Exercise description: Beginning with the line that has "用杠杆原理法计算1号梁的汽车荷载横向分布系数m1q最接近于( )。A0.238", write out each line down to the end of the records below exactly, and include no pictures.

[Data records]
__________

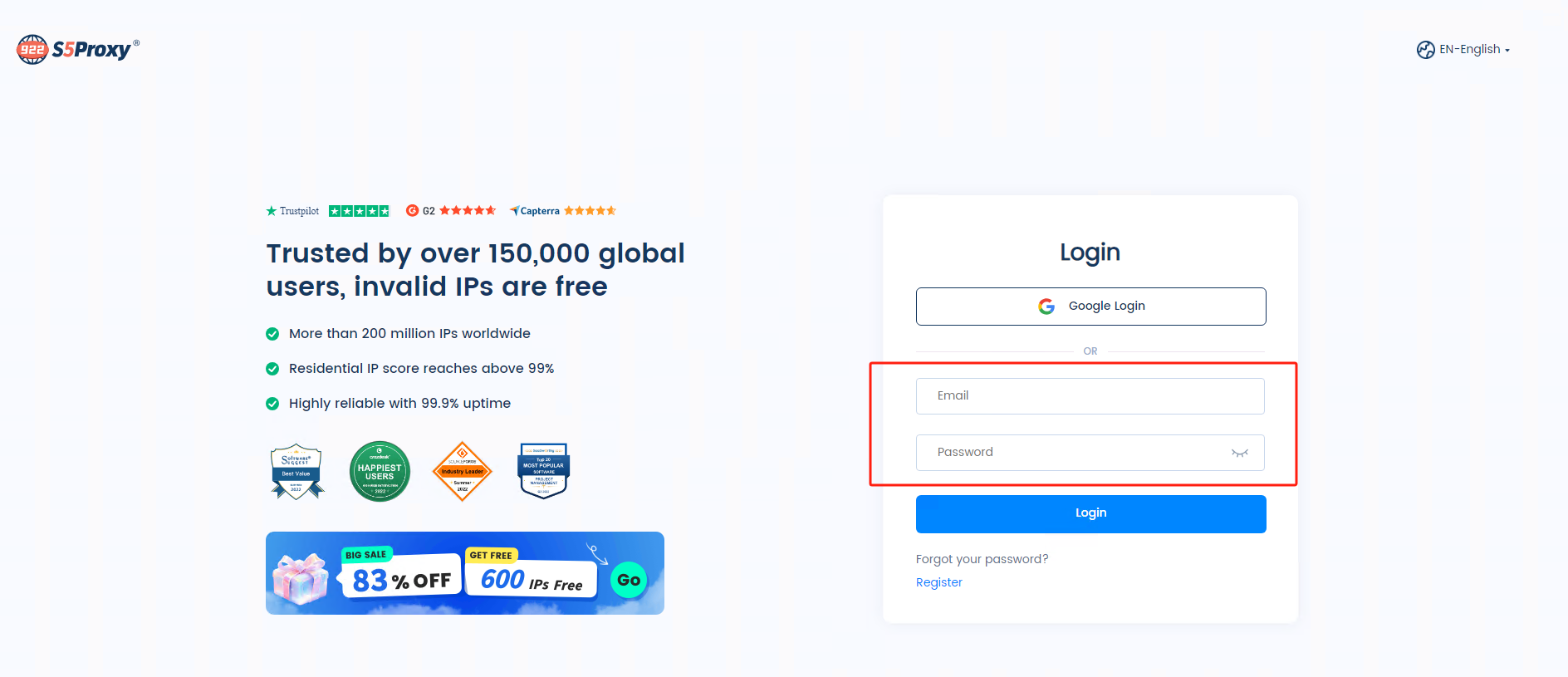 After the download is completed and installed, double-click the desktop icon. After a moment, the login page will automatically open on the web page. Enter your 922S5Proxy account and password, and click to log in.
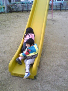 萌々ちゃんは尻もちをつきながらも、すぐに慣れて一緒にgo!
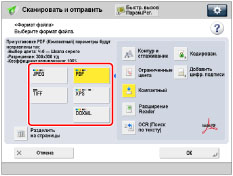 → [Сканировать и отправить] → укажите адресата → нажмите кнопку формата файла.
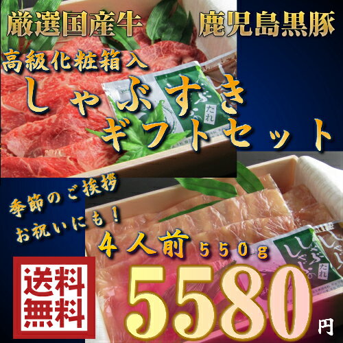 | 【 国産牛 鹿児島黒豚 】 しゃぶしゃぶ すき焼き ギフトセット [4人前550g](選べる部位とタレ) 肩ロース他《 化粧箱 》《 送料無料 》 ( 群馬県産 牛肉) あす楽 鍋 祝 景品 ギフト 贈答 肉 bbq アウトドア キャンプ 激安 セール 訳あり ではございません | |
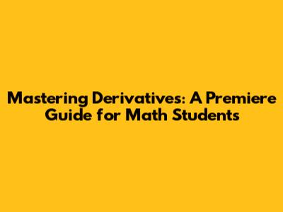 Mastering Derivatives: A Premiere Guide For Math Students
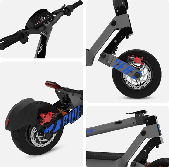 קורקינט RIDER X RACE מצויד בסוללת 60V 21AH, המאפשרת טווח נסיעה של עד 60 ק״מ. הגלגלים הגדולים בקוטר 11 אינץ’ עם צמיגי אנטי-פאנצ’ר מספקים יציבות מקסימלית ותחושת ביטחון ברכיבה. מערכת שיכוך מלאה מבטיחה נסיעה חלקה, גם בתנאים משתנים ובתוואי דרך מאתגרים.
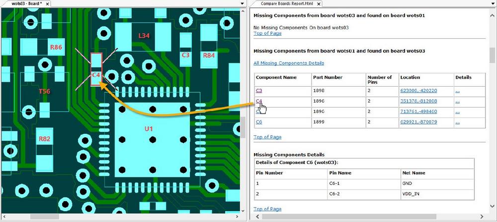 Der mit der Compare Boards-Funktion in C-LINK erstellte Bericht erlaubt schnelles Navigieren über Hyperlinks. So ist in kürzester Zeit eine Aufstellung entwickelt, was sich im Testprogramm ändern muss: Hat sich die Bestückung verändert, müssen im Testprogramm Messwerte angepasst werden. Sind Bauteile hinzugekommen, so sind diese aufzunehmen. Entfallen im Gegenzug Bauteile, werden hierfür die Prüfschritte auskommentiert oder gelöscht. Sind auf der neuen Baugruppenversion Bauteile an andere Netze angeschlossen, werden diese künftig über andere Testkanäle geprüft. Bei der Umsetzung hilft das Redesign-Tool.
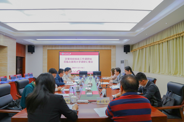 3月19日下午,区管高校统一战线工作调研组组长、右江民族医学院党委统战部部长韦鹏涯一行到我校调研座谈。学校党委常委、副校长陈磊在办公楼327会议室会见了调研专家。
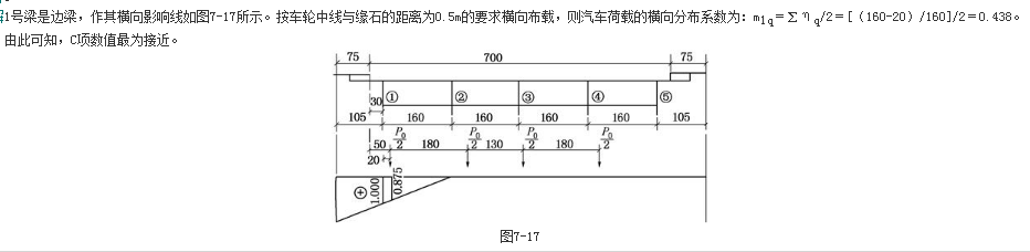 用杠杆原理法计算1号梁的汽车荷载横向分布系数m1q最接近于( )。A0.238
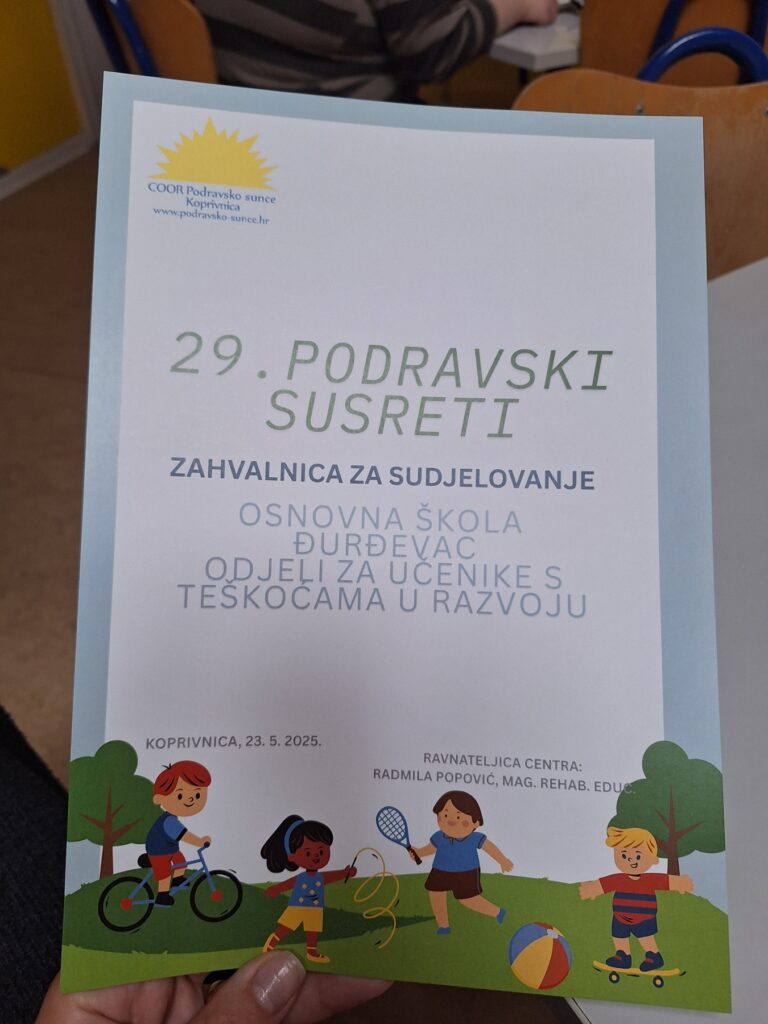 Učenici 2. i 3. odgojno-obrazovne skupine OŠ Đurđevac, Odjela za učenike s teškoćama u razvoju; Darijo Popadić, Dominik Patačko, Božica Jankov i Ivana Cik, uz pratnju učiteljica Veronike Gašparov i Tamare Malivuk, sudjelovali su u natjecanju u igrama spretnosti za učenike s teškoćama u razvoju. Igre su tradicionalno održane u sklopu 29. Podravskih susreta u Centru za odgoj, obrazovanje i rehabilitaciju “Podravsko sunce” Koprivnica. Učenici su se natjecali u 6 štafetnih igara. Osim za aktiviranje sportskog i natjecateljskog duha, bila je ovo savršena prilika i za međusobno upoznavanje i druženje učenika te su se naši učenici veoma sretni i ponosni vratili s natjecanja – stoji na kraju objave.

__________

Output of the exercise:
 用杠杆原理法计算1号梁的汽车荷载横向分布系数m1q最接近于( )。A0.238
 Učenici 2. i 3. odgojno-obrazovne skupine OŠ Đurđevac, Odjela za učenike s teškoćama u razvoju; Darijo Popadić, Dominik Patačko, Božica Jankov i Ivana Cik, uz pratnju učiteljica Veronike Gašparov i Tamare Malivuk, sudjelovali su u natjecanju u igrama spretnosti za učenike s teškoćama u razvoju. Igre su tradicionalno održane u sklopu 29. Podravskih susreta u Centru za odgoj, obrazovanje i rehabilitaciju “Podravsko sunce” Koprivnica. Učenici su se natjecali u 6 štafetnih igara. Osim za aktiviranje sportskog i natjecateljskog duha, bila je ovo savršena prilika i za međusobno upoznavanje i druženje učenika te su se naši učenici veoma sretni i ponosni vratili s natjecanja – stoji na kraju objave.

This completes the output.